The various explosions of “GPTs” are a good example of this. OpenAI has produced one of the most powerful AIs in the history of civilization, but after a few months, its usage slipped, and people started to see it as a time waste. Then, at the end of 2023, OpenAI introduced custom-made GPTs. Essentially, anyone could fine-tune and create an algorithm of their own using OpenAI’s LLMs. Users started to craft prompts in an algorithmic style: “Imagine you’re a movie critic,” “In the style of a romantic poet,” “You are Albert Einstein,” “Explain like I’m five years old,” and so on. This is an example of the fine-tuning Feldman talks about to turn machine learning into something practical — because machine learning varies.
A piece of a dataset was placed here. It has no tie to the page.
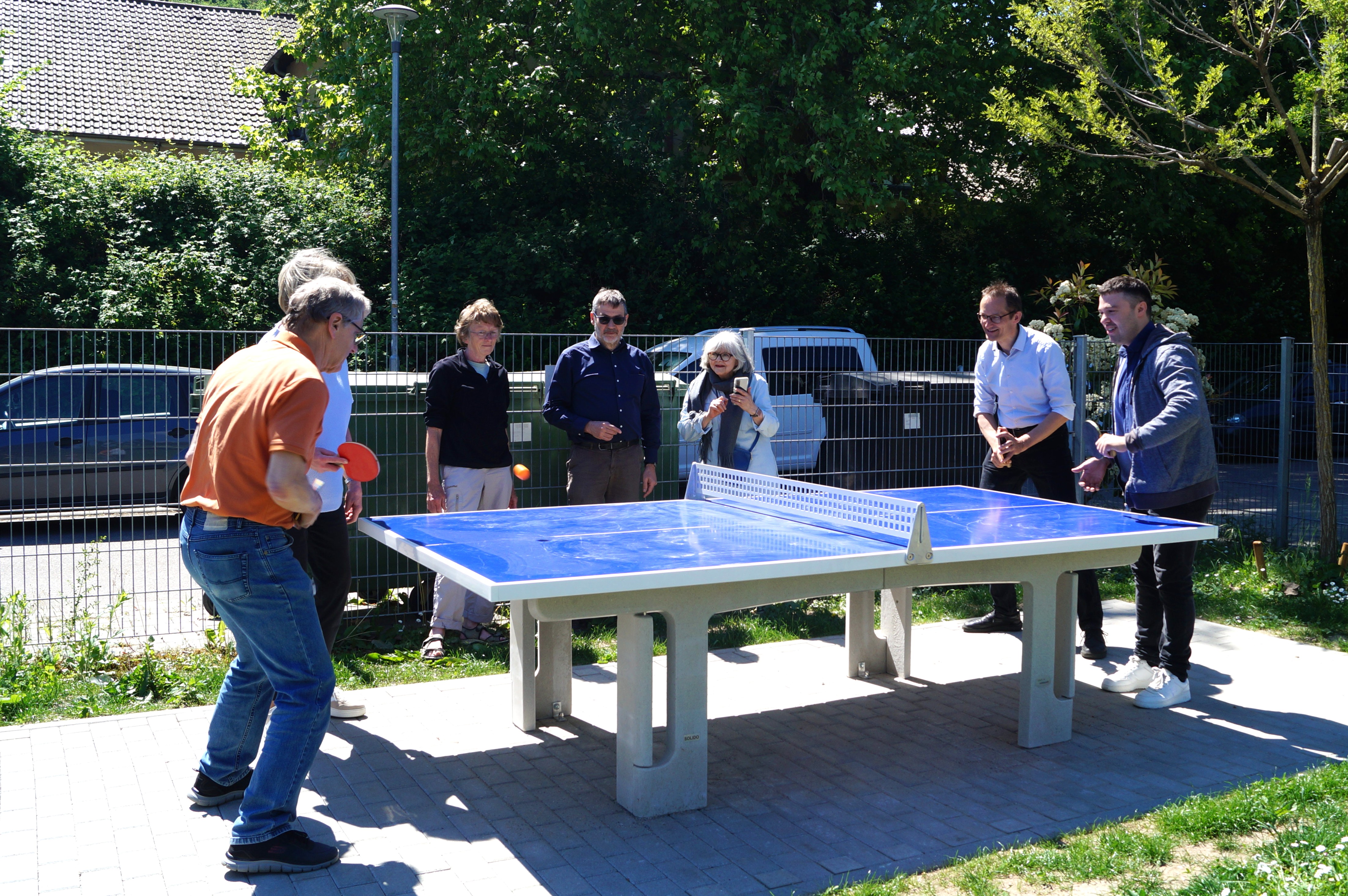 Bei strahlendem Sonnenschein wurde die Platte direkt mit einer ersten Runde Tischtennis eingeweiht. Damit der Spielspaß lange anhält, brachte der stellvertretende Bürgermeister zusätzlich zwei komplette Spielsets und zahlreiche Ersatzbälle für die Bewohnerinnen und Bewohner mit.

“We believe it will be possible to build machine learning models that could actually infer audience characteristics.”

Konrad Feldman, founder & CEO, Quantcast

“The machine learning we use to measure audiences is different from the machine learning we’re using to build predictive audience models for advertising delivery,” explains Feldman. “It’s different from the machine learning that’s been used to ensure brand safety or to price individual impressions. We’ve developed different types of machine learning approaches to solve some of these fundamental problems.” Quantcast’s marketing algorithms will “capture information in real time [and] then make adjustments as they go along.” They are “interactive tools” that will optimize for some specified goal as they’re working.

The clear implication here is that the next stage of AI will be more flexible, fine-grained and fine-tuned. For AI to become really useful — and for the conversation to become really exciting — AI has to become personalized AI.

“We believe it will be possible to build machine learning models that could actually infer audience characteristics,” says Feldman. “Humans are really good [at] pattern matching — that’s how we’ve evolved. But machines also have flexibility because they can deal with so many dimensions of data. If you’re going adjust and tailor the content, if you’re going to modify content for each individual recipient, well then, people can’t do that. You have to use a computer to do it.”